*** Opening of Study material ***
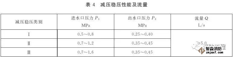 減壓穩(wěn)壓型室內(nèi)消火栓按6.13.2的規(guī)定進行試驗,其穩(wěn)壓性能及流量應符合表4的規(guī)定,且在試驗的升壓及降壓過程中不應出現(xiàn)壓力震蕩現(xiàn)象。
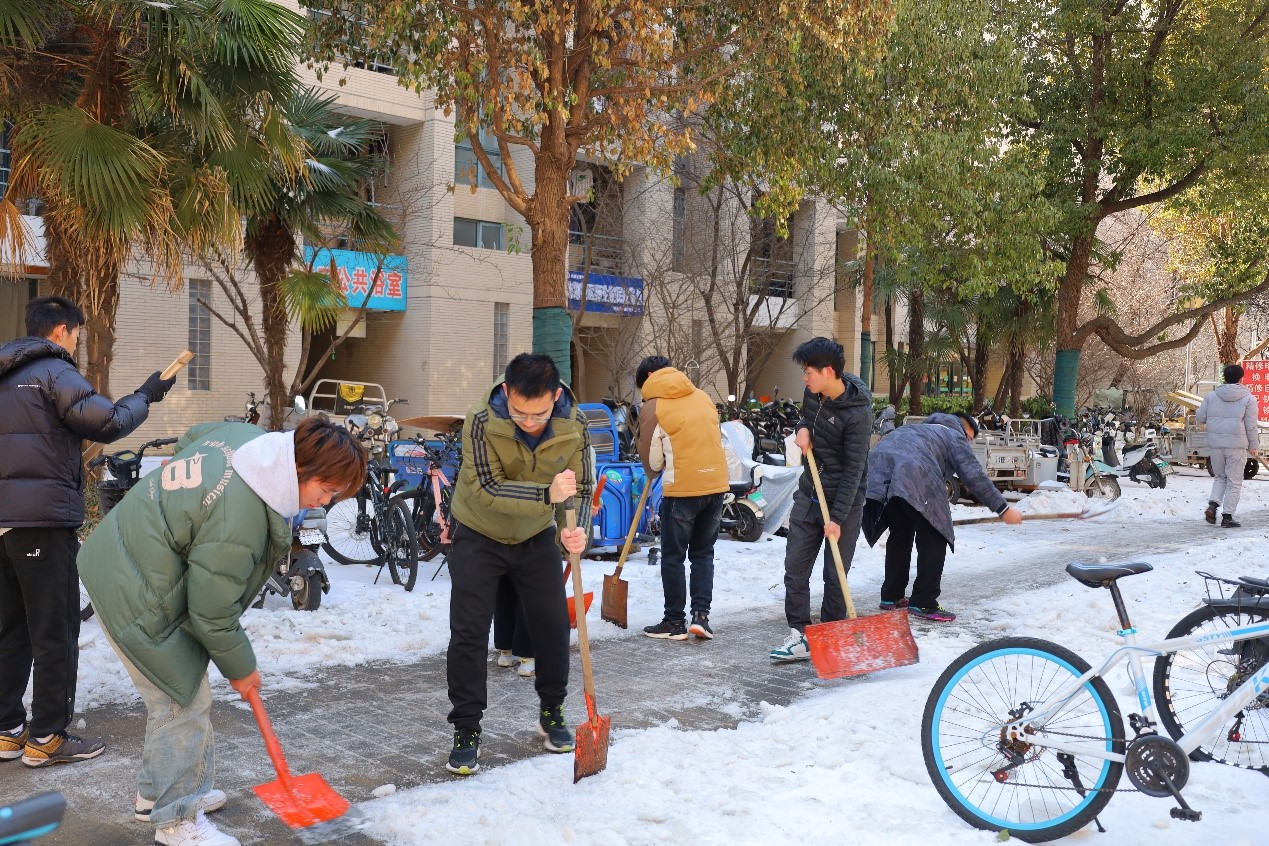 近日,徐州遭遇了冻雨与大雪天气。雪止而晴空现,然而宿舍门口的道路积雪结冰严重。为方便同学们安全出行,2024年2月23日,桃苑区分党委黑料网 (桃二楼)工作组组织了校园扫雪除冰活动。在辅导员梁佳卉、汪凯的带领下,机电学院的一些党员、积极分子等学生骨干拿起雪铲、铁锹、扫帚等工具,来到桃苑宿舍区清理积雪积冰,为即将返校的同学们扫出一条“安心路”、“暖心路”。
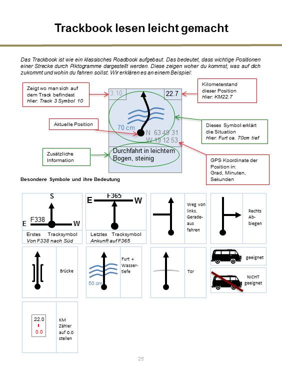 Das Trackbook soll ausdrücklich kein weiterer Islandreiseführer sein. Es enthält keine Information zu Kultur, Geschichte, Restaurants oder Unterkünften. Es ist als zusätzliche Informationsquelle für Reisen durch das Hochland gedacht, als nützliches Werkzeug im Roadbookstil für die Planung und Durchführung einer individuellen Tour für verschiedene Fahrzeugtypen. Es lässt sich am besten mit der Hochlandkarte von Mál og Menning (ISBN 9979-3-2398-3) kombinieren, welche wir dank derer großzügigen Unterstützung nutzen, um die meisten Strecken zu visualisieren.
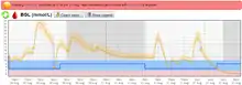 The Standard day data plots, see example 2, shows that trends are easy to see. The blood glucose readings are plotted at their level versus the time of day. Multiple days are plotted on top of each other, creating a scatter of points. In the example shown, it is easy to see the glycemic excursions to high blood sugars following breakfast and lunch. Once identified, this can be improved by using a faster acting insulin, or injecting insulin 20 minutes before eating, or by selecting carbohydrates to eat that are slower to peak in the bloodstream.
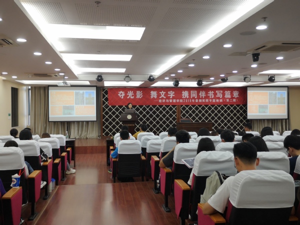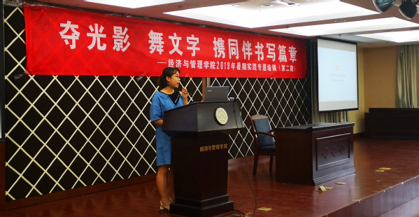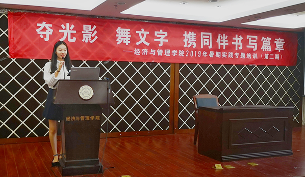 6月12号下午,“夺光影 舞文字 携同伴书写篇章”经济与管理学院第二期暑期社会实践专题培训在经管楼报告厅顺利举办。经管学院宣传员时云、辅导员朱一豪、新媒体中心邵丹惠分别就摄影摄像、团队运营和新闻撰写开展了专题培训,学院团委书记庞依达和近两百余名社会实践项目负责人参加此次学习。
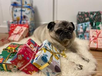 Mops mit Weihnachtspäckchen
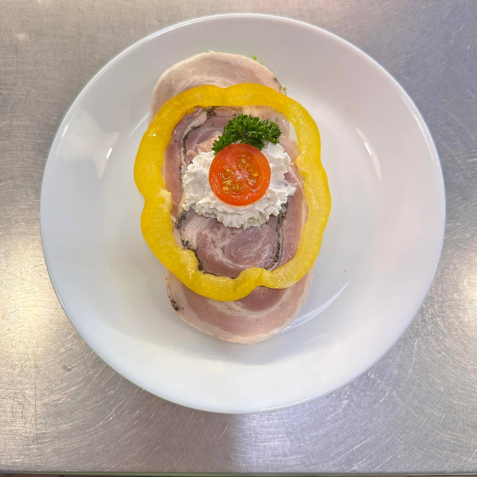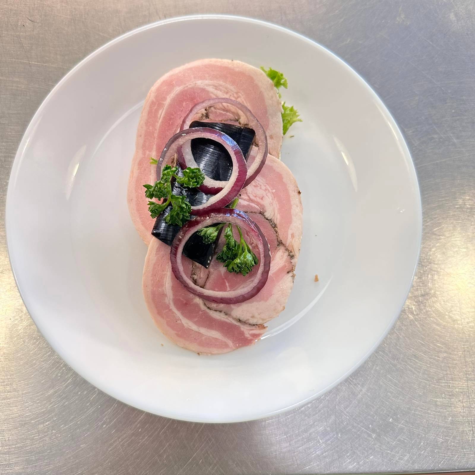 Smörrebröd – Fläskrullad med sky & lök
*** Close of Study material ***
Work to complete - Set the pictures aside and restate word for word only the lines from the line containing "Mops mit Weihnachtspäckchen" through the end of the entries above, both included.

Exercise output -
 Mops mit Weihnachtspäckchen
 Smörrebröd – Fläskrullad med sky & lök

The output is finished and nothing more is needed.